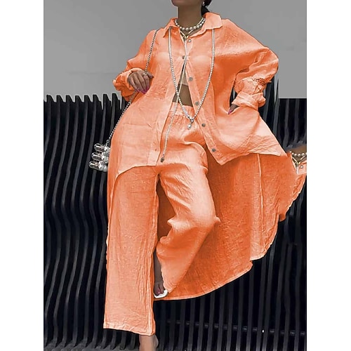 Per donna Set di Pantaloni Bolero Top Manica Lunga Colletto a Camicia Semplice Moda Streetwear All'aperto Vacanza Ferie Nero Bianco Blu marino Estate Vestibilità comoda
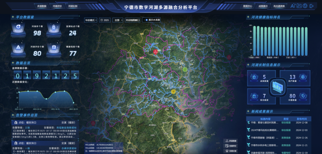 近日,我市“數字河湖多源融合分析系統”獲得2025年“數據要素×”大賽福建分賽綠色低碳賽道二等獎,并入選2025年寧德市“數據要素×”典型案例。該系統由寧德河湖研究院與寧德衛星大數據科技有限公司聯合研發,旨在以科技賦能助力我市幸福河湖建設。
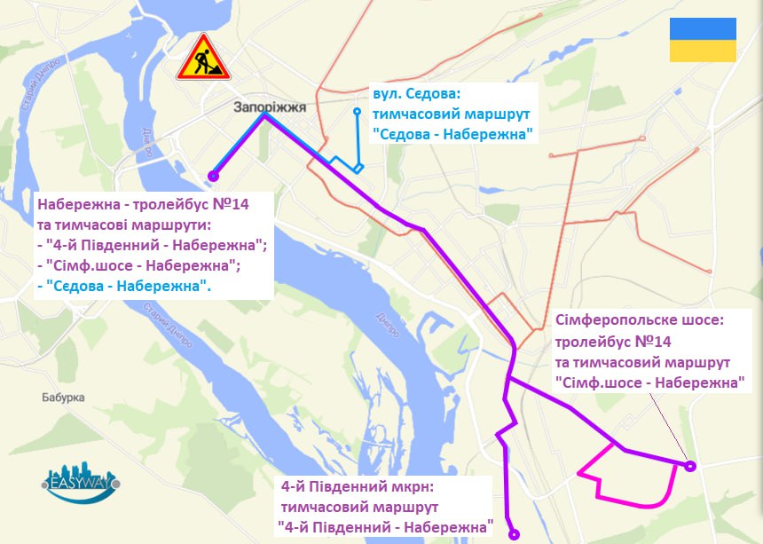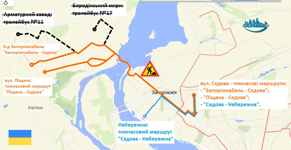 Причина змін маршрутів — проведення робіт по відновленню асфальтобетонного покриття двох смуг проїзної частини дороги по проспекту Соборному в районі зупинки “Філармонія”. Ремонт проводить КП «Водоканал». Про завершення робіт буде повідомлено окремо.
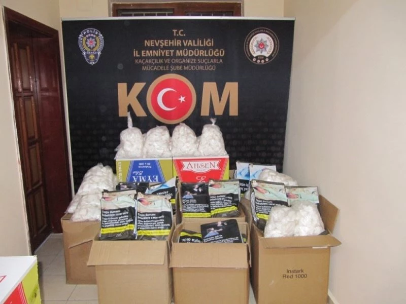 Edinilen bilgilere göre, Derinkuyu yol kontrol ve denetleme noktasında şüpheli kamyon içerisinde yapılan aramada mükerrer olduğu değerlendirilen 80 kilogram tütün, 15 adet bandrol, 50 bin adet değişik markalarda makaron, 80 bin adet sigara filtresi ele geçirildi. Kamyon sürücüsü B.A. polis ekipleri tarafından gözaltına alınırken adli tahkikatın başlatıldığı öğrenildi.
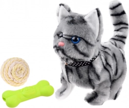 Roztomilé sivé interaktívne mačiatko si získa srdce každého dieťaťa. Po vložení batérií sa začne pohybovať dopredu aj dozadu, mňaukať, hýbať hlavou, tlamičkou a chvostíkom. Súčasťou sú aj doplnky na hru – mäkká gumová kosť a farebná šnúrková loptička. Príjemne mäkký plyš je ideálny na maznanie aj každodenné hranie.
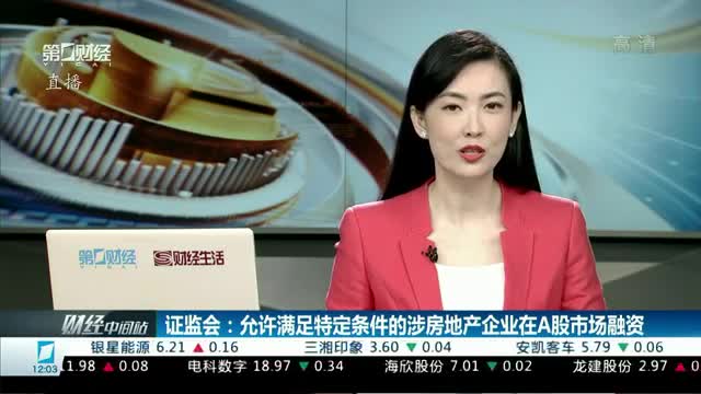 近期,人民银行、银保监会等部门/推出阶段性/调整差别化住房信贷政策等系列措施。据媒体从证监会获悉,对于涉房地产企业,证监会允许部分存在少量涉房业务/但不以房地产为主业的企业在A股市场融资。
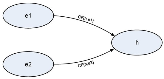 A reliable presentation requires describing formalisms [,]. A formal (Appendix A—descriptions for all formulas), simplified description of the certainty factor is as follows:
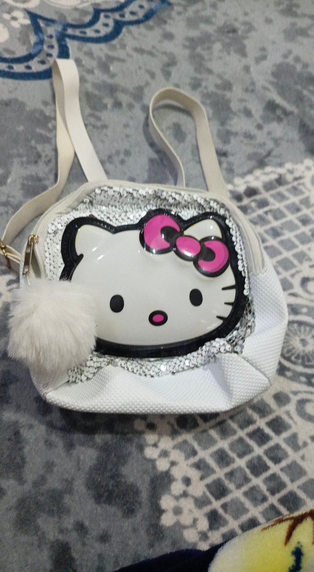 Beyaz renkli, renkli Hello Kitty baskılı bebek çantası. Üzerinde tüylü ponpon aksesuarı ve ayarlanabilir askılar bulunur.
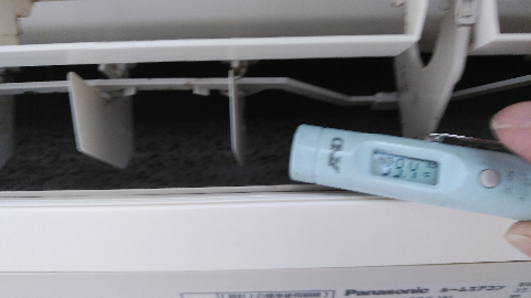 エアコン移設工事の時は必ず温度を計っています。吸い込みと吐き出しの温度差バッチリでした。
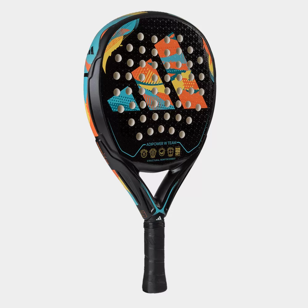 Follow the road to victory with the adidas adipower W Team! Built for winners, this lightweight padel racket brings the best of Adipower technology at a lower cost. It combines soft performance EVA rubber and a Fiber Glass surface for excellent comfort. Enjoy easy access to spin from the SPIN BLADE technology. STRUCTURAL REINFORCEMENT technology allows high torsion resistance to aggressive shots. Stylish and reliable, the adidas adipower W Team takes care of the tech so you can focus on winning!
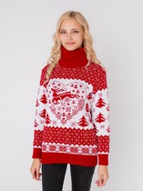 ESENIA Водолазка женская полушерстяная Олени - Красный
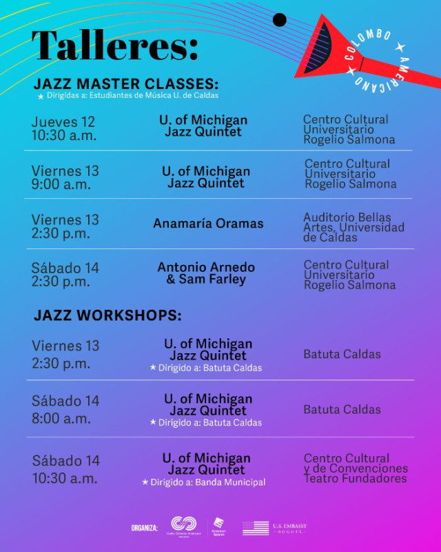 Este año, uno de los invitados especiales es el University of Michigan Jazz Quintet (Estados Unidos), ensamble que incluye a Manizales como parte de su gira por la red de Centros Colombo Americanos en Colombia.
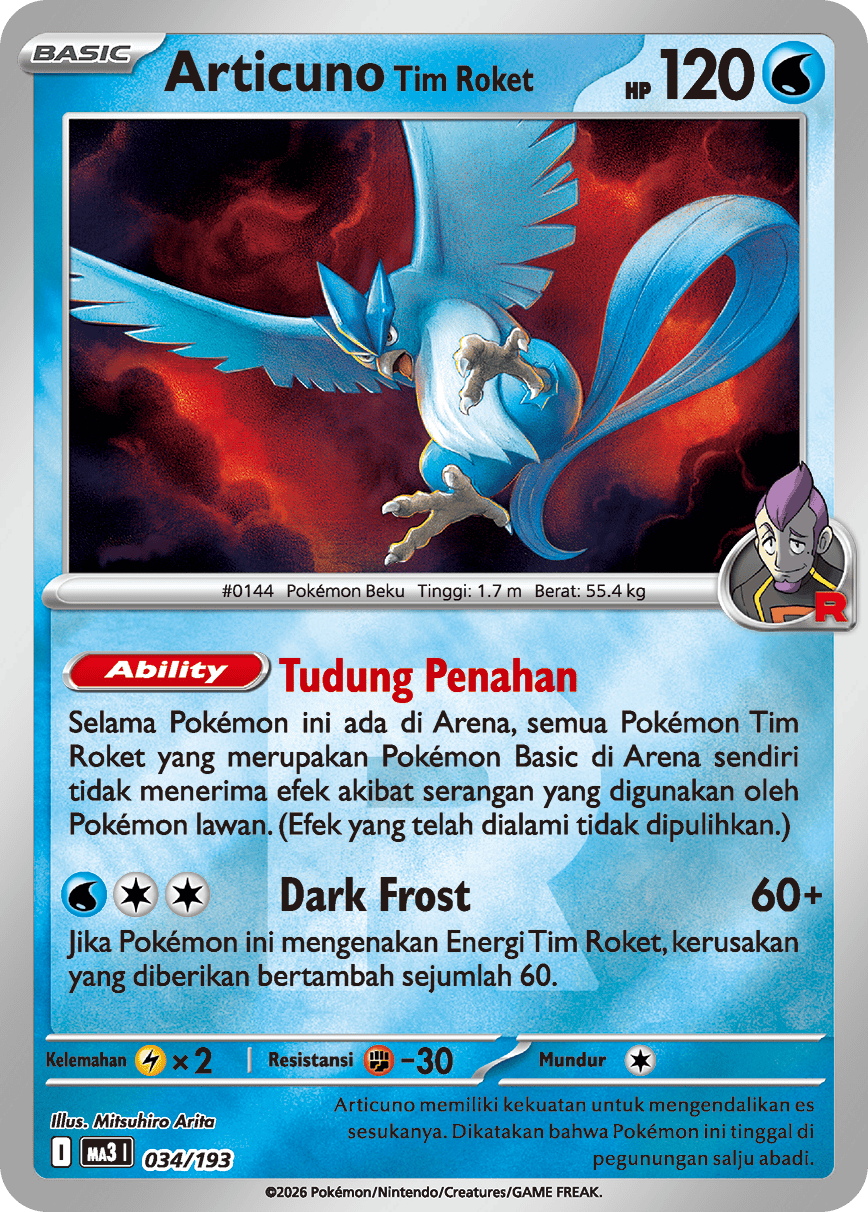 Jika Pokémon ini mengenakan Energi Tim Roket, kerusakan yang diberikan bertambah sejumlah 60.
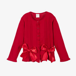 Girls beautiful pink cardigan by Pretty Originals, knitted in soft and lightweight cotton. It is decorated with statement ivory satin bows and easily fastens with buttons on the front.
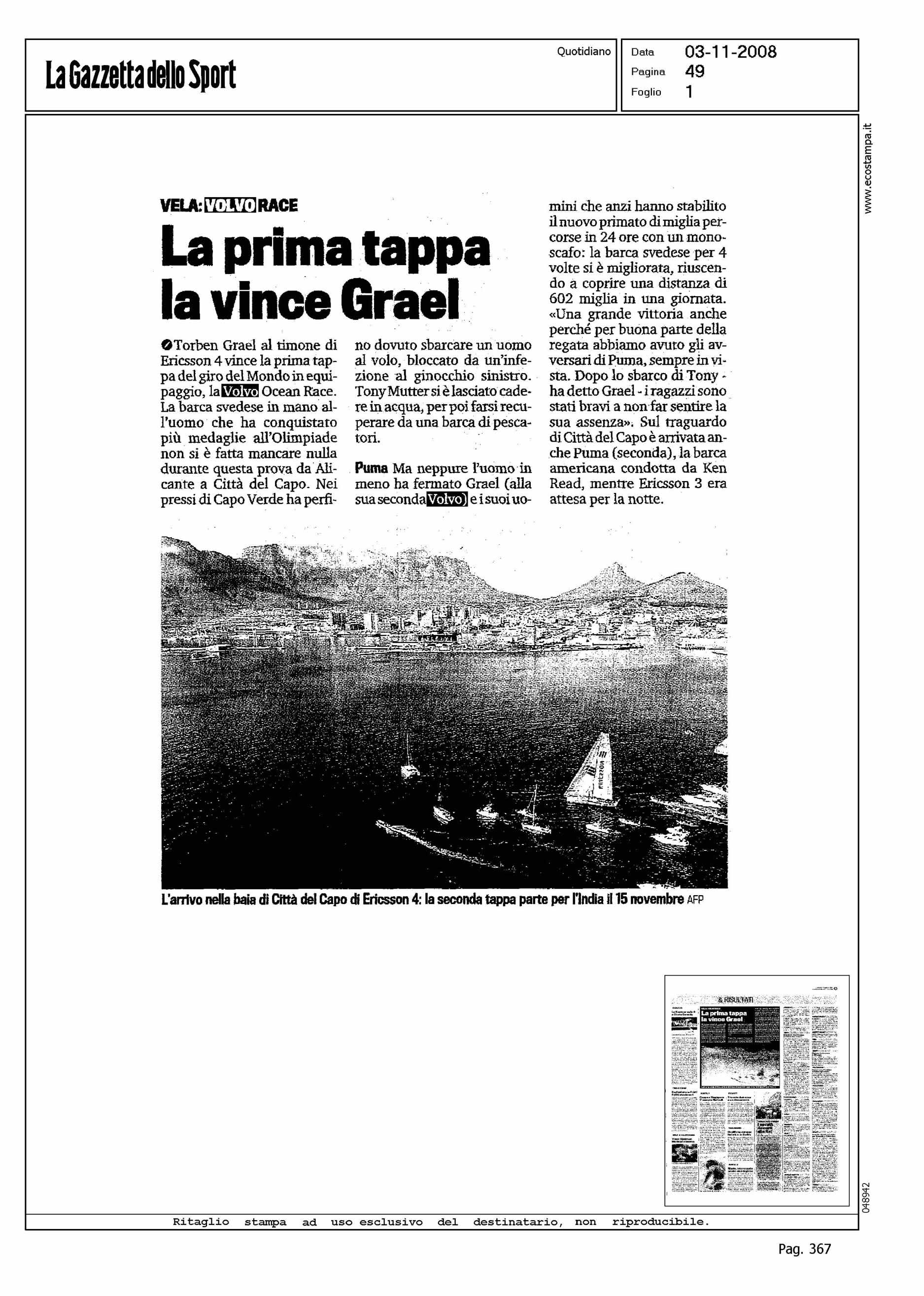 Author: Line: Corporate Model: Corporate Subject: VOLVO OCEAN RACE Title: LA PRIMA TAPPA LA VINCE GRAELHighlight:

WHAT TO DO:
Keep to the stretch from the line containing "Beyaz renkli, renkli" through the line containing "Este año, uno", both ends included, and copy it exactly from the listing above, minus the pictures.

THE ANSWER:
 Beyaz renkli, renkli Hello Kitty baskılı bebek çantası. Üzerinde tüylü ponpon aksesuarı ve ayarlanabilir askılar bulunur.
 エアコン移設工事の時は必ず温度を計っています。吸い込みと吐き出しの温度差バッチリでした。
 Follow the road to victory with the adidas adipower W Team! Built for winners, this lightweight padel racket brings the best of Adipower technology at a lower cost. It combines soft performance EVA rubber and a Fiber Glass surface for excellent comfort. Enjoy easy access to spin from the SPIN BLADE technology. STRUCTURAL REINFORCEMENT technology allows high torsion resistance to aggressive shots. Stylish and reliable, the adidas adipower W Team takes care of the tech so you can focus on winning!
 ESENIA Водолазка женская полушерстяная Олени - Красный
 Este año, uno de los invitados especiales es el University of Michigan Jazz Quintet (Estados Unidos), ensamble que incluye a Manizales como parte de su gira por la red de Centros Colombo Americanos en Colombia.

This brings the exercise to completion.